# My Watch Photography



## Draconian Collector

I have a long passion for photography even doing it as a part time business. In past I have specialized in automotive and pin up photography, but since I have started this new hobby I have been focusing on improving my watch/product photography. I'm starting this thread to showcase my photos and get some feedback and tips. Currently I am shooting with a Canon 80d with a Canon 50mm macro lens.












View attachment IMG_0113_1571859481908.jpg


----------



## Draconian Collector

View attachment IMG_0215.jpg
View attachment IMG_0225.jpg
View attachment IMG_0227.jpg
View attachment IMG_0228.jpg
View attachment IMG_0229.jpg


----------



## Draconian Collector

View attachment IMG_0230.jpg
View attachment IMG_0234.jpg
View attachment IMG_0238.jpg






View attachment IMG_0206.jpg
View attachment IMG_0212.jpg


----------



## Sherpat

These are very nice. The colors really pop.
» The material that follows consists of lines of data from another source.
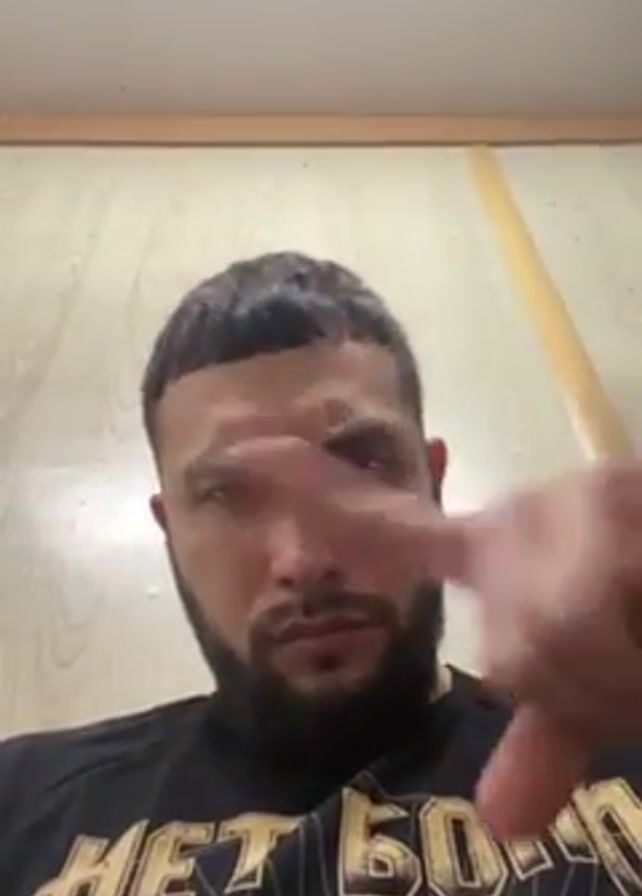 close-up view of a man with a beard, wearing a black t-shirt with a white and yellow design. He looks directly at the camera, initially with a serious expression, then points directly at the camera with his right hand. His expression changes to a smile after pointing. The background is a wall with a light wood-grain pattern and a light wood trim. Music plays in the background.
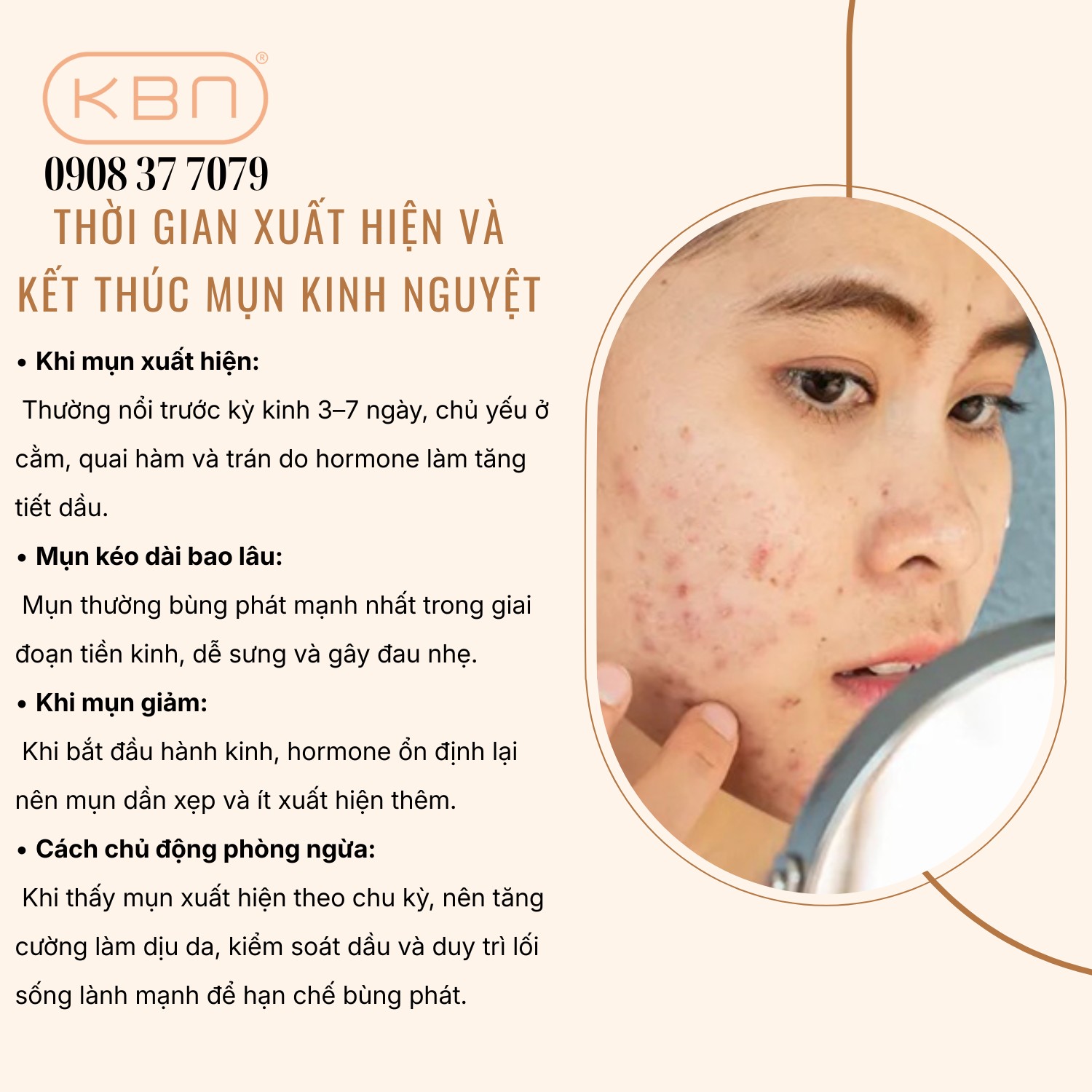 Thời gian xuất hiện và kết thúc mụn kinh nguyệt.
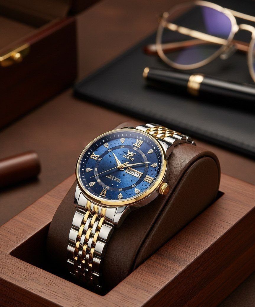 ساعت مچی مردانه ☑️olevs 🔥Sold well "اصالت در جزئیات است... ✨ 《ویژگی های محصول 》 موتور کوارتز مقاوم در برابر آب طرح الماس دارای روز شمار ایام هفته صفحه شب نما بند وستاری قفل پروانه ای استیل مخفی شیشه سافایر ضدخش طراحی لوکس و چشم نواز
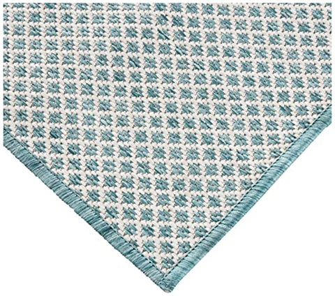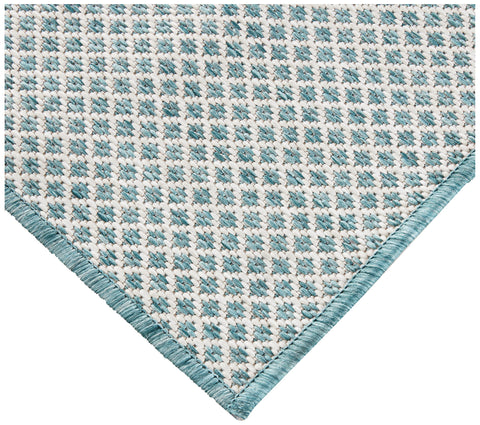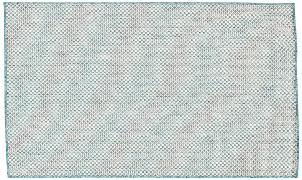 Details: Set a warm and relaxing tone with the Courtyard Collection. These elegantly understated indoor/outdoor rugs feature subtly textured geometric patterns in fashionable palettes designed to anchor modern and contemporary decor. Flat woven polypropylene fibers stand up to heavy traffic and are easy to clean: simply hose-rinse and air dry. Courtyard rugs are ideal for your porch, patio, or any indoor space. With its striking geometric pattern in ivory and aqua blue, this Courtyard Collection indoor/outdoor rug exudes contemporary style. Its subtly textured surface is crafted in classic ivory and aqua blue for a seamless complement to modern settings. Machine made polypropylene flat weave stands up to heavy traffic and is easy to clean: just hose-rinse and air dry.
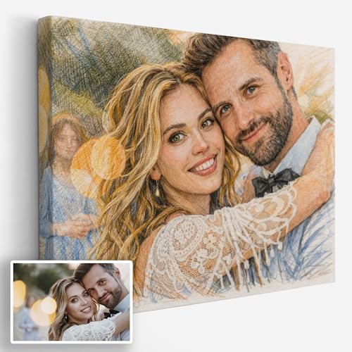 Portrait personnalisé photo artistique style aquarelle pop art peinture à l’huile dessin crayon Poster Toile Plexiglas ou Tableau – Cadeau anniversaire mariage famille (Crayon de couleur 2)
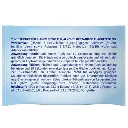Desinfektionstücher für Hände und Flächen im praktischen Format für unterwegs. Sie beseitigen 99,99% der Bakterien, Hefepilze und speziellen Viren. Mit angenehm frischem Duft.
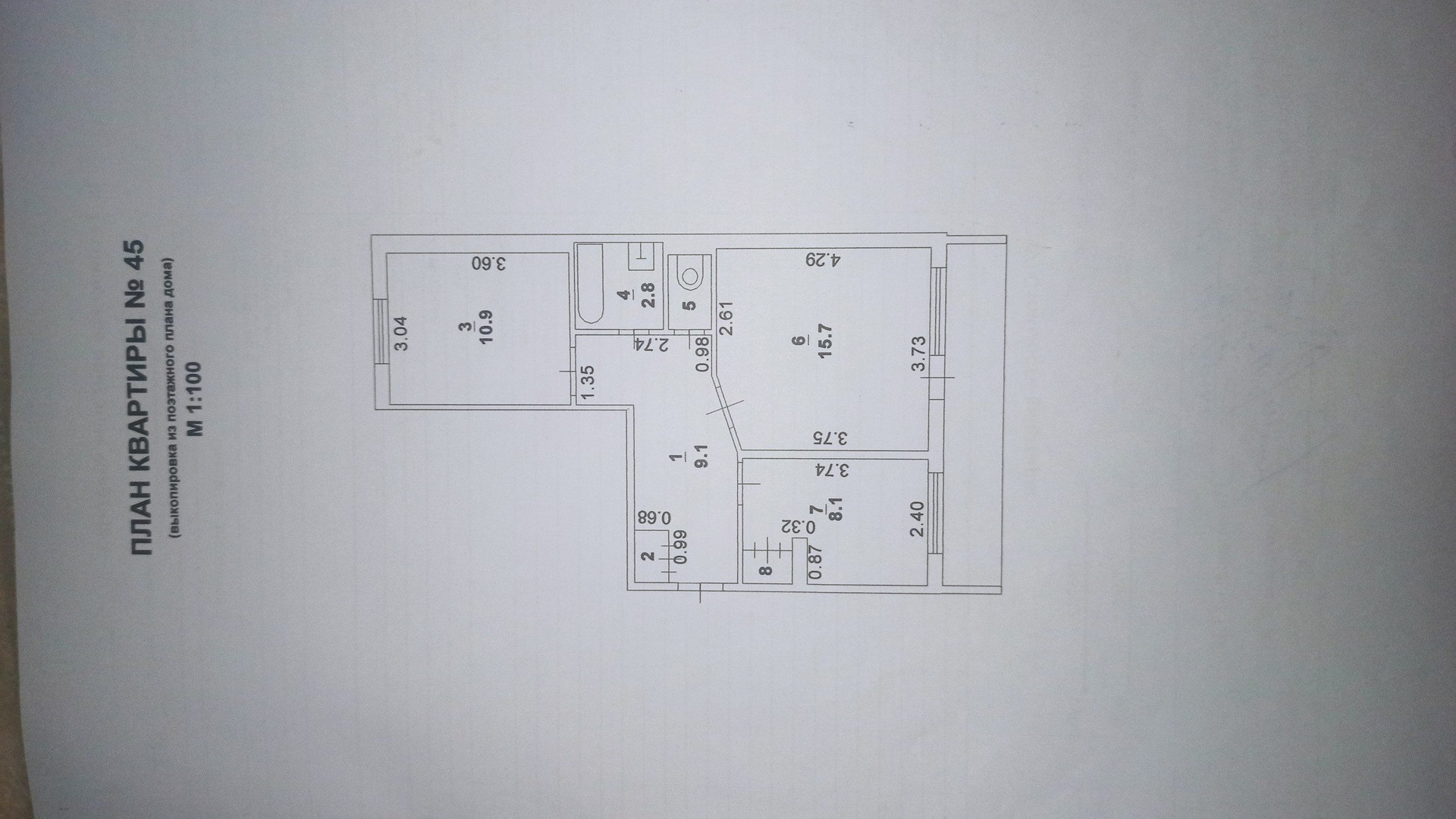 Жилая площадь 49.1 м2
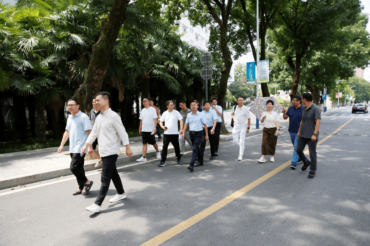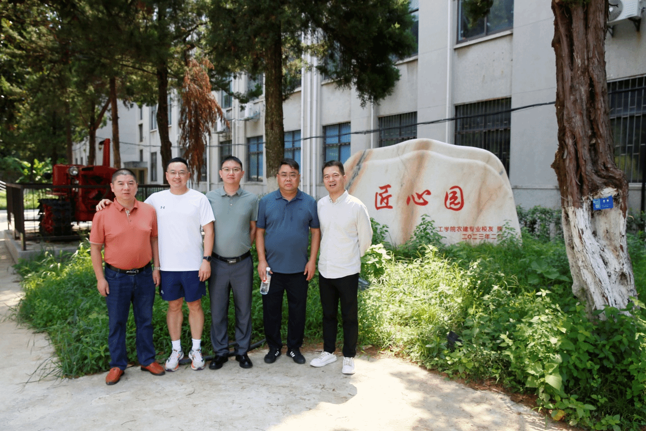 校友们在“匠心园”前合影留念,先后参观了教学楼、图书馆、运动场、宿舍等地。

And you've controlled the reflections - great use of lighting!

Can I just suggest, since you asked for feedback, that you try focus stacking if you intend these as product shoots rather than art shoots. Just take your very first photo as an example: way too much of the face is out of focus. You are obviously shooting wide open, so your DOF in pretty much all your pictures is incredibly shallow. So shallow that even in your nearly face-on shots the hands are in focus, but the indices and bezel are not. Or vice-versa. You might want to try throwing more light at your subjects and using a smaller aperture to increase DOF. When I started doing product photography I had limited lighting available so I dropped my shutter speed to get correct exposure with the light I had, and the aperture I wanted. Both work well, but focus stacking I think is overall the best option. 

And I have to say, there are one or two examples where you just missed focus completely, like that shot of the Citizen on the neck of the JD bottle. It really shows in the cropped shot, particularly, . Are you using auto focus? If so, I would definitely switch to manual. Zoom in on your preview and focus to a very zoomed-in point. I do a lot of macro work where the focal plane is razor thin, and this is the method I use.

None of this is criticism. But since it seems like you want to up your product photography game (for money?) I thought I'd give you the benefit of my experience as product photographer for a California winery, and for my wife's company (I didn't have a choice AND she doesn't pay - worst gig I ever landed, lol). If you've done this as a business before I'm sure you'd want to know even the minute things that might need addressing, and are skilled enough to make the necessary adjustments. 

Having said that, if it was your intention to have only a tiny portion of your shot sharp, or you intentionally put the entire watch out of focus for a soft focus effect, then disregard everything I said. My opinions were just that: opinions. You do you, as the kids say 

All the best. I'm looking forward to seeing more of your watch work.

ps. Focus stack. Seriously.


----------



## riff raff

I'd like to see watches and pin-up combined. And, stacked sounds better here as well...<g>


----------



## brianrbenton

As a hobby, I've enjoyed wildlife photography for quite some time now. 2 young children have made that virtually impossible the past few years, but I digress. I'm typically shooting from a distance in wildlife scenarios and I'm finding it difficult to now shoot quality close up shots of my watches. The input given in this thread was very helpful. I'll immediately put the advice to work and see what I come up with. 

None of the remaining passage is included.